Climate resilient fiscal management

Physical risks associated with climate change are already affecting Southeast Asian countries and are set to increase rapidly. Acute physical risks, such as floods, heat waves, tropical cyclones, and droughts, already cause annual losses of $5.2 billion in the region, with extreme events causing losses as great as 10%–45% of gross domestic product (GDP) in highly exposed countries such as Cambodia, Myanmar,1
the Philippines, Thailand, and Viet Nam.

There are also chronic risks, such as sea level rise, which affect Southeast Asian countries, given the concentration of population and development in low-lying plains, coastal river deltas, and coastal areas. Regardless of global efforts to reduce emissions, these risks will grow rapidly until 2030 and beyond, threatening lives, livelihoods, and broader development objectives.

The climate transition, while limiting physical risk over the long term, may also lead to significant frictions,
as economies shift away from carbon-intensive products, processes, and technologies. Transition risks range from policy and regulatory risks, which can raise costs for high emissions sectors, to technology and market risks such as changing consumer trends and uptake of new technologies. Pressures on Southeast Asian countries from the transition will be substantial, with fossil fuels constituting about 80% of the region’s energy mix and renewable alternatives underdeveloped.

Additional pressures will be felt by fossil-fuel-producing countries in Southeast Asia: for instance, the petrochemical industry accounts for 11% of Malaysia’s export and the national petrochemical producer accounted for 15% of the Malaysian government’s revenues between 2015–2020. Southeast Asian
countries are also particularly exposed to global trends in decarbonization, with high levels of export dependency.

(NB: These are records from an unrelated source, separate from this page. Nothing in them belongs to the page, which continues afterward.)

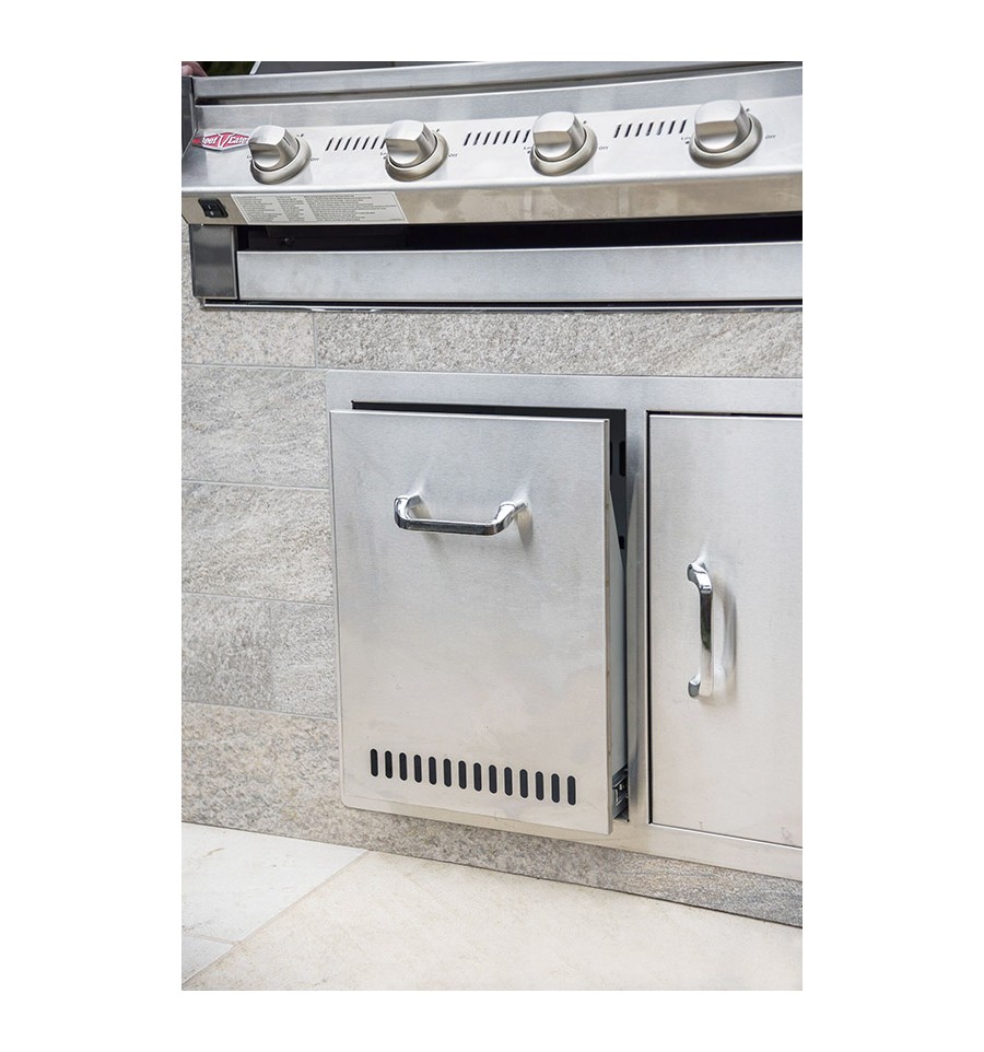Passend zu den Einbaugrills bietet BeefEater auch hochwertige Einbaukomponenten wie Türen und Schubladen an. Diese verfügen über eine Front aus Edelstahl und überzeugen durch ihre hohe Qualität und ihre edle Optik. Durch die vielen Verstaumöglichkeiten haben Sie Ihre Grillgeräte immer zur Hand.
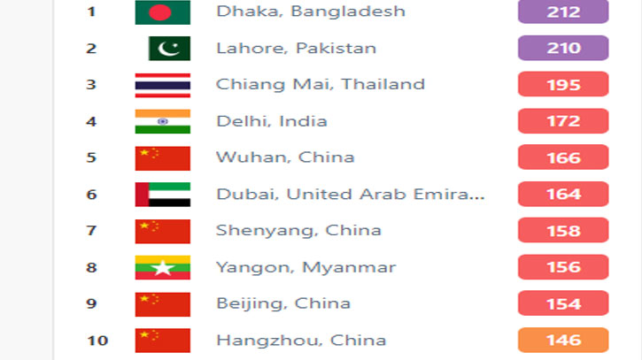 এ ছাড়া একইসময়ে একিউআই স্কোর ১৬৪ নিয়ে ষষ্ঠ স্থানে রয়েছে সংযুক্ত আরব আমিরাতের দুবাই। ১৫৬ স্কোর নিয়ে সপ্তম স্থানে রয়েছে মায়ানমারের ইয়াঙ্গুন। ১৫৬ স্কোর নিয়ে অষ্টম স্থানে রয়েছে তাইওয়ানের কাওশিউং। ১৫৬ স্কোর নিয়ে নবম স্থানে রয়েছে মঙ্গোলিয়ার উলানবাটার। ১৫৪ স্কোর নিয়ে দশম স্থানে রয়েছে চীনের শেনিয়াং।
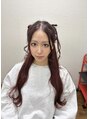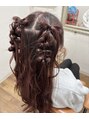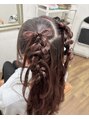 - レッドカラー/ヘアセット/リボンアレンジ/ワインレッドカラー/プロフィール撮影/アイコン撮影/池袋
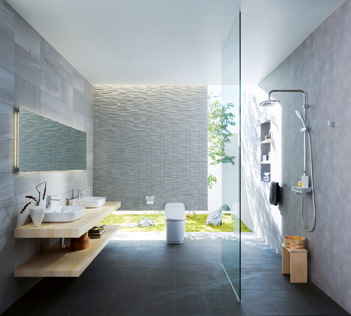 This design presents the S400 LINE by INAX, a manufacturer of bathroom fittings. One of the remarkable design features of this both simple yet also very elegant bathroom is the clever interplay of light and shadow. Mystic-looking rays of light penetrate through small windows and form different shades and shadows on the floor, walls and sanitary ware. This effect creates a sense of serenity and total relaxation.

Finance and planning ministries have a critical role in responding to climate-related risks and opportunities. These ministries, responsible for government financial functions, including budget and investment management, tax and subsidy policy, debt management and financing, monitoring of public entities, and financial system regulation (Figure 1), are referred to as central finance agencies (CFAs) in this report. These core functions of CFAs are affected by trends and shocks caused by both physical and transition risks. At the same time, CFAs play a critical role in developing a fiscal system that helps accelerate the net-zero transition, thereby containing future climate change, and that promotes resilience to physical risk.